マーケティング4.0は企業と顧客のオンライン交流とオフライン交流を統合し、ブランド構築におけるスタイルと内容を融合させ、最終的にマシン・ツー・マシンの接続性を人間と人間のふれあいで補完することで、顧客エンゲージメントを強化するマーケティングアプローチである。
出典:『コトラーのマーケティング4.0 スマートフォン時代の究極法則』(フィリップ・コトラー著、ヘルマワン・カルタジャヤ著、イワン・セティアワン著、恩藏直人監修、藤井清美訳)
コトラーは著書『コトラーのマーケティング4.0』の中で、「伝統的マーケティングからデジタル・マーケティングへの移行」と題して、いくつかの変化をあげています。
「セグメンテーションとターゲティングから、顧客コミュニティの承認へ」
伝統的マーケティングでは、企業は市場をセグメンテーションし、顧客をターゲティングしていました。コトラーはこれを「ブランドと顧客の縦の関係」としています。しかし、デジタルが当たり前になった今では、顧客同士が横のネットワークでつながり、新しいセグメントになっています。この「顧客コミュニティ」と企業が関わるには、従来の縦の関係性ではなく、まるで友人のように振る舞い、許可を求める必要があると言います。
顧客コミュニティと効果的に関わるためには、ブランドはパーミション(許可)を求めなければならない。セス・ゴーディンが提唱したパーミション・マーケティングは、マーケティング・メッセージを送る前に顧客の同意を求めるという考えを中心に据えている。
出典:『コトラーのマーケティング4.0 スマートフォン時代の究極法則』(フィリップ・コトラー著、ヘルマワン・カルタジャヤ著、イワン・セティアワン著、恩藏直人監修、藤井清美訳)
「ブランド・ポジショニングと差別化から、ブランドの個性や規範の明確化へ」
伝統的マーケティングでのブランドは競合他社と自社を区別するためのポジショニングを築き、差別化する必要がありました。しかし、デジタル経済圏におけるマーケティングでは、ポジショニングではなく、個性と規範こそがブランドの源泉になると言います。
技術トレンドのめまぐるしい変化のせいで、ブランドがより柔軟に適応することは必要不可欠だが、その一方で、ブランドの本物の個性がかつてないほど重要になっている。
ブランドのアイデンティティとポジショニングを繰り返し伝えつづけることは、伝統的マーケティングでは重要な成功要因だったが、今日では十分ではないかもしれない。
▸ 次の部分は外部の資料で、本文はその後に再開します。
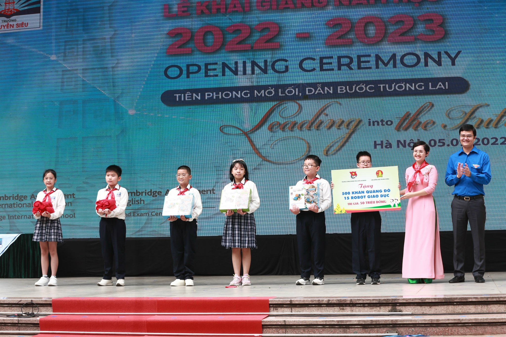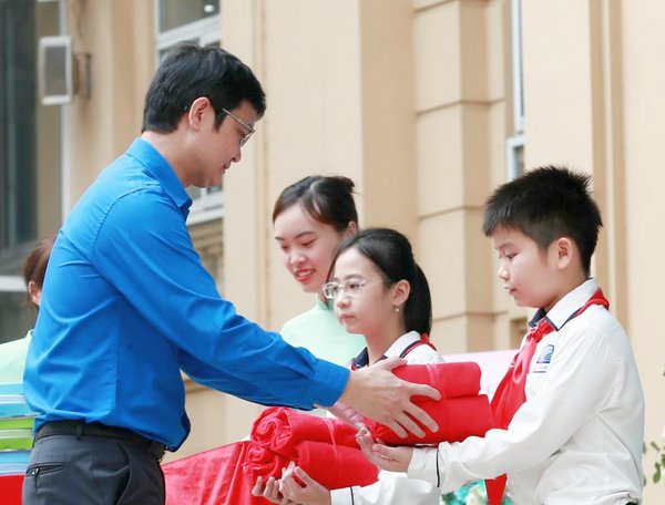 Tại lễ khai giảng, Bí thư thứ nhất T.Ư Đoàn Bùi Quang Huy đã trao tặng trường Nguyễn Siêu 15 Robot giáo dục và 500 khăn quàng đỏ.

出典:『コトラーのマーケティング4.0 スマートフォン時代の究極法則』(フィリップ・コトラー著、ヘルマワン・カルタジャヤ著、イワン・セティアワン著、恩藏直人監修、藤井清美訳)
「顧客サービス・プロセスから、協働による顧客ケアへ」
製品やサービス購入後の「顧客ケア」というアプローチについて、デジタル経済圏におけるマーケティングでは「協働」が成功の鍵になると言います。
接続された世界では、協働が顧客ケアを成功させるカギになる。協働が発生するのは、企業が顧客にセルフサービス機能を使ってケア・プロセスに参加するよう呼びかけるときである。
出典:『コトラーのマーケティング4.0 スマートフォン時代の究極法則』(フィリップ・コトラー著、ヘルマワン・カルタジャヤ著、イワン・セティアワン著、恩藏直人監修、藤井清美訳)
これらの伝統的マーケティングからマーケティング4.0で変わってきたキーワードとBASE FOODのマーケティングを照らし合わせると、まさに書籍で書かれていることをBASE FOODは実践し、顧客エンゲージメントを高める仕組みを作っていることがわかります。
まず、市場をセグメントしてターゲット顧客を定める施策より、BASE FOOD Laboという顧客コミュニティを作ることで顧客の熱量を広げています。また、競合他社と差別化したポジショニングを伝え続けるよりも、「完全栄養食」というキーワードでブランド自身の個性や規範を明確にし、魅力的なブランドを構築しています。そして、BASE FOOD Laboでユーザー同士が情報交換を行えるようにすることにより、自社だけでなく、コミュニティ内の協働による顧客ケアを行っています。
終わりに
BASE FOODの歩みとそのマーケティングについて、自分でも思い入れのある『リーン・スタートアップ』と『コトラーのマーケティング4.0』を用いて考察してみました。
橋本氏のインタビューを読むと、『コトラーのマーケティング4.0』にも書かれている、従来のセグメント/ターゲットではなく、自身が感じている課題を解決するプロダクトを開発したところからBASE FOODは始まっています。SNSやセミナーなどで目にするマーケティングに関する話は、「プロダクトがどう生まれたか?そしてどう改善してきたか?」に焦点を当てるより、「どのように買ってもらうか?」という仕組みの話に着眼しているケースが多いように感じています。しかし、今回の記事を執筆していて改めて痛感したのは、良いコンセプトの商品があってこその仕組みづくりだということです。競合と微差の商品をBASE FOODが実施しているマーケティングで売ろうと思っても、同じような成長はおそらく成し遂げられないでしょう。秀逸なコンセプトの商品とそれを持続的に広げていくマーケティングの両輪があってこそ、指数的な成長が成し遂げられるのだと思います。
最後に、筆者自身の食習慣がBASE FOODによって変わったことも報告しておきます。過去を振り返ると、平日の朝食はほぼ固定されたレパートリーになっており、ブロック系とゼリー系の栄養食品を食べていました。僕にとって朝食は、足りない栄養を摂取するためのルーティンでした。しかし、この記事を書くためにBASE FOODを調べ、橋本氏のインタビュー記事を読み、何度もブランドサイトに訪問するうちに「BASE FOODのユーザー像って、僕がドンピシャなのではないか?」と感じ、定期購入に申し込んでしまいました。
今では毎朝、BASE BREADを食べ、15時にBASE Cookiesを食べる生活が続いています。食生活の習慣を変えたことで、「栄養素を流し込んで補給している」のではなく「充実した朝食を食べている」気持ちになり、快適なライフスタイルを送っています。ちなみに、僕の推しBASE FOODは「シナモン味のBASE BREAD」です。
良い機会なので、僕もいちユーザーとしてBASE FOODの「リーン・スタートアップ」思考な製品開発に生きるようなフィードバックをします。BASE FOODはBtoBとしてオフィスでの常設プランなども展開しています。そこで、次なるチャネルとして、オフィス街で乳製品を売り歩いている、あのブランドのチャネル開拓を検討いただきたいです。マーケティングで変化を起こすうえで、チャネル戦略のインパクトは大きいと思います。もしオフィスに来てくれる乳製品レディさんがBASE FOODを取り扱ってくれていたら、朝食の栄養バランスに悩んでいる日本中のビジネスパーソンたちが救われるのではないでしょうか。ぜひ、「主食をイノベーションし、健康をあたりまえに」を今後もかなえてほしいです。